Faida menjelaskan dalam Undang-Undang Nomor 23 tahun 2014 tentang Pemerintahan Daerah dan Peraturan Pemerintah Nomor 12 Tahun 2018 tentang Pedoman Penyusunan Tatib DPRD Provinsi, Kabupaten, dan Kota tidak melarang kepala daerah memberikan pendapat melalui aplikasi daring.

Ia menyatakan penyampaian pendapat kepala daerah secara daring sama sekali tidak akan menyebabkan rapat paripurna DPRD menjadi tidak sah. Faida pun mengirimkan jawaban secara tertulis pendapatnya perihal usul hak menyatakan pendapat DPRD Jember sebanyak 21 halaman.

Dalam surat jawaban itu, ada tiga poin yang disampaikan Faida yakni perihal konsekuensi hasil rapat koordinasi dan asistensi penyelesaian permasalahan pemerintahan di Jember yang melibatkan kepala daerah dan DPRD.

Kemudian pemenuhan aspek prosedural/aspek formil usul hak menyatakan pendapat oleh DPRD Jember, dan pendapat bupati Jember perihal materi yang menjadi alasan pengajuan hak menyatakan pendapat DPRD Jember.

Faida menyebut hak menyatakan pendapat diatur dalam Pasal 78 ayat (2) Peraturan Pemerintah Nomor 12 Tahun 2018 tentang Pedoman Penyusunan Tata Tertib DPRD Provinsi, Kabupaten, dan Kota.

Bleid tersebut tertulis pengusulan hak menyatakan pendapat disertai dengan dokumen yang memuat paling sedikit, materi dan alasan pengajuan usulan pendapat serta materi hasil pelaksanaan hak interpelasi dan atau hak angket.

“Surat DPRD Jember yang kami terima tak memiliki lampiran dokumen materi dan alasan pengajuan usulan pendapat seperti yang diatur dalam aturan tersebut,” ujarnya.
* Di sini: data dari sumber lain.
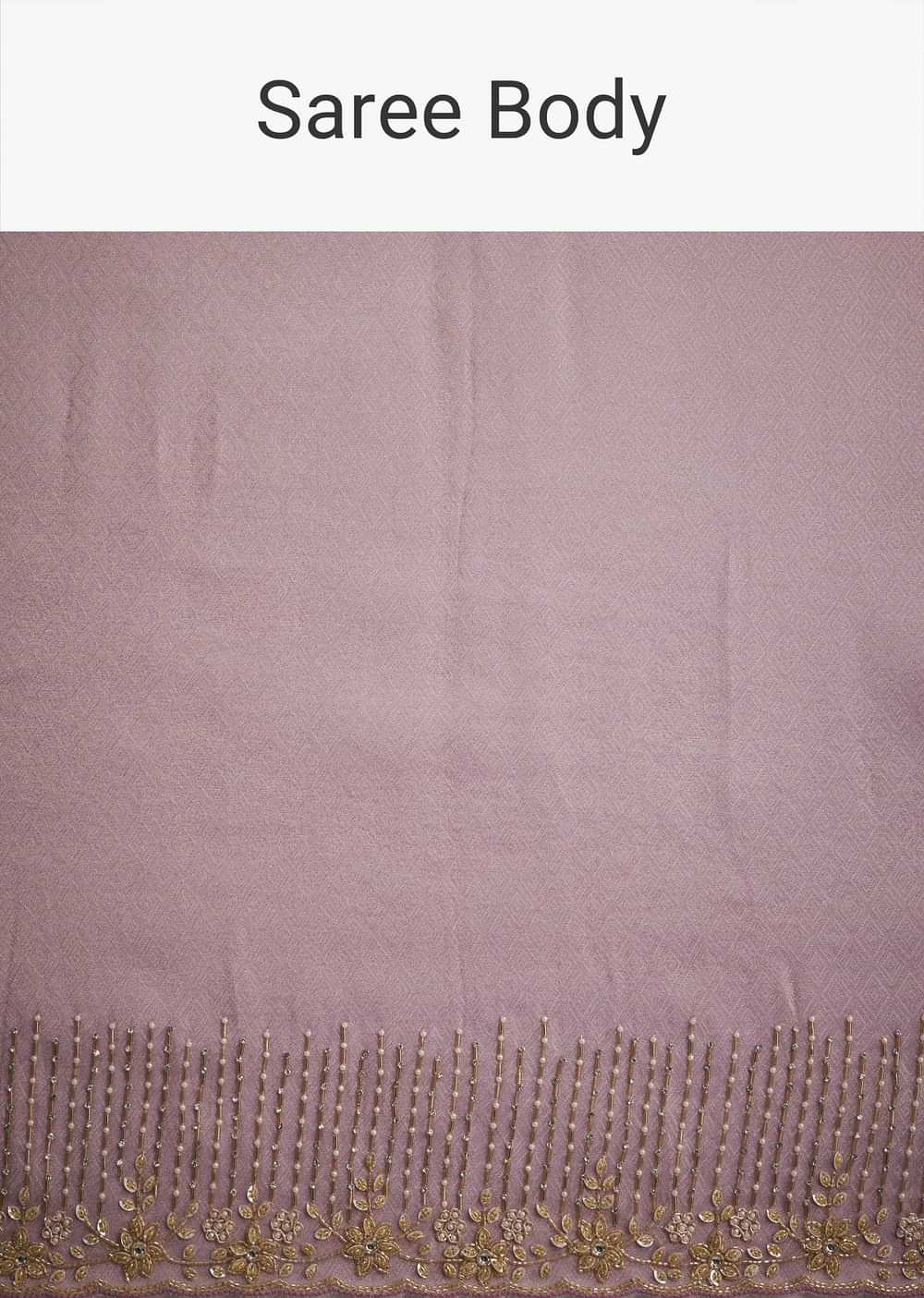 Experience The Regal Charm Of Purple With This Stunning Ombre Jacquard Saree. Featuring Intricate Cutdana And Stone Embroidery, It Exudes A Timeless Appeal, Perfect For Weddings And Grand Celebrations. The Contrasting Blouse Fabric Adds A Modern Touch To Its Traditional Allure, Making It A Standout Piece In Your Wardrobe. With Its Graceful Drape And Exquisite Detailing, This Saree Is Designed To Turn Heads.. Awarded As The Most Trusted Brand We'Re Delivering Styles You Love Just As Promised.

Faida juga mengaku telah melakukan semua rekomendasi Menteri Dalam Negeri Tito Karnavian dengan mencabut belasan keputusan bupati dan mengembalikan para pejabat yang diangkat dalam jabatan pada 3 Januari 2018.
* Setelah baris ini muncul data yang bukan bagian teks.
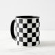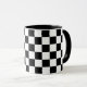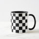 Simple black and white checkerboard pattern. This mug was created years back when the print area was slightly different. But, you can still customize the pattern by filling the print area with the image and changing the background color. We've displayed this on the ringer mug because it is attractive, but it works with the basic mug too.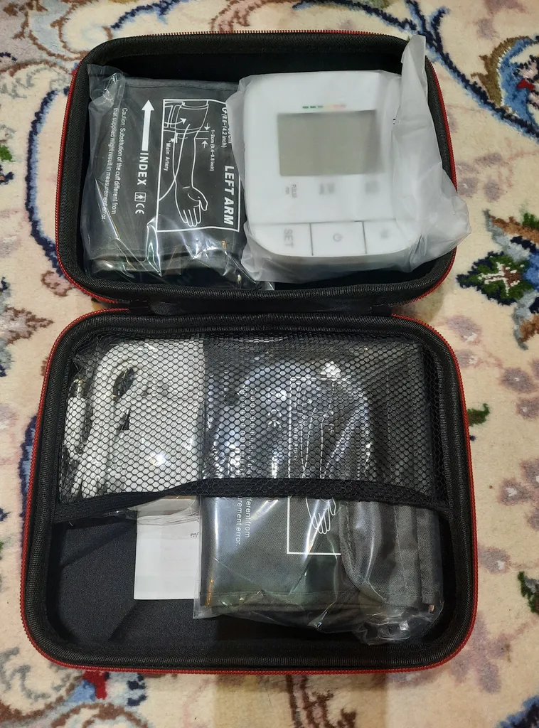 - ⬤ کیف نگهداری : کیف نگهداری فشارسنج به کاربران کمک میکند تا دستگاه و لوازم جانبی آن را به راحتی حمل و نگهداری کنند. خریداران به کیفیت و طراحی کیفها توجه دارند و بسیاری از آنها از کیفهای محکم و زیبا که فضای کافی برای نگهداری کاف و آداپتور دارند، راضی هستند. برخی کاربران به کیفیت پایین کیفهای ارائه شده در برخی مدلها اشاره کردهاند و این موضوع میتواند بر تجربه کاربری تأثیر منفی بگذارد.

Meskipun demikian, DPRD Jember telah mengambil keputusan bulat. Para anggota dewan itu sepakat meminta Faida berhenti dari jabatannya. DPRD Jember menilai Faida telah melanggar sumpah jabatan dan peraturan perundang-undangan.
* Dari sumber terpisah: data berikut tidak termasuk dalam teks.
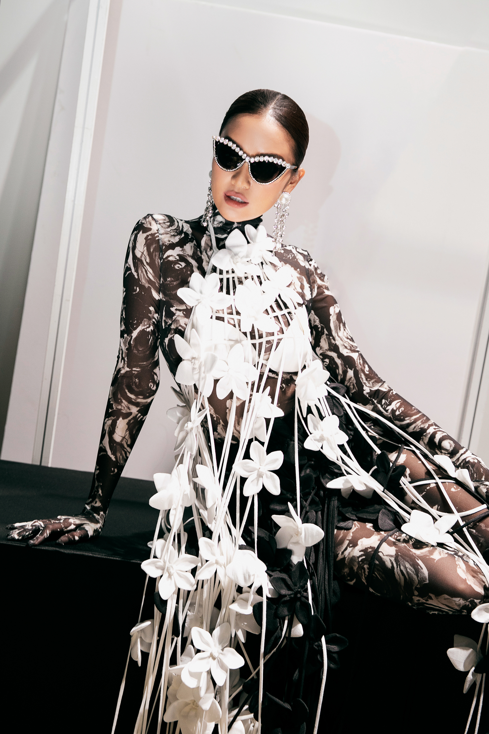Chi tiết tua rua được Đỗ Mạnh Cường khai thác đa dạng, từ sự mềm mại của những đường nét mỏng manh cho đến sự bay bổng của những bản vải rộng, tạo điểm nhấn cho áo, chân váy... Những chi tiết hoa 3D vốn dĩ là thế mạnh, có thể nói là bản sắc riêng của Đỗ Mạnh Cường tiếp tục được phát triển đầy lôi cuốn qua BST. Ngoài hoa trà, hoa hồng, lần này anh khắc hoạ vẻ đẹp của hoa ly.

“Sehingga DPRD bersikap melalui hak menyatakan pendapat kompak bahwa bupati dimakzulkan,” ujar Ketua DPRD Jember, Itqon Syauqi usai rapat paripurna hak menyatakan pendapat di DPRD Jember.

Politikus PKB Jember itu menyadari DPRD secara administratif tidak bisa memberhentikan bupati. Menurutnya yang bisa memecat adalah Menteri Dalam Negeri melalui fatwa Mahkamah Agung.

“Kami akan meminta fatwa kepada Mahkamah Agung, sehingga kami akan meminta fatwa MA terkait keputusan paripurna itu,” katanya.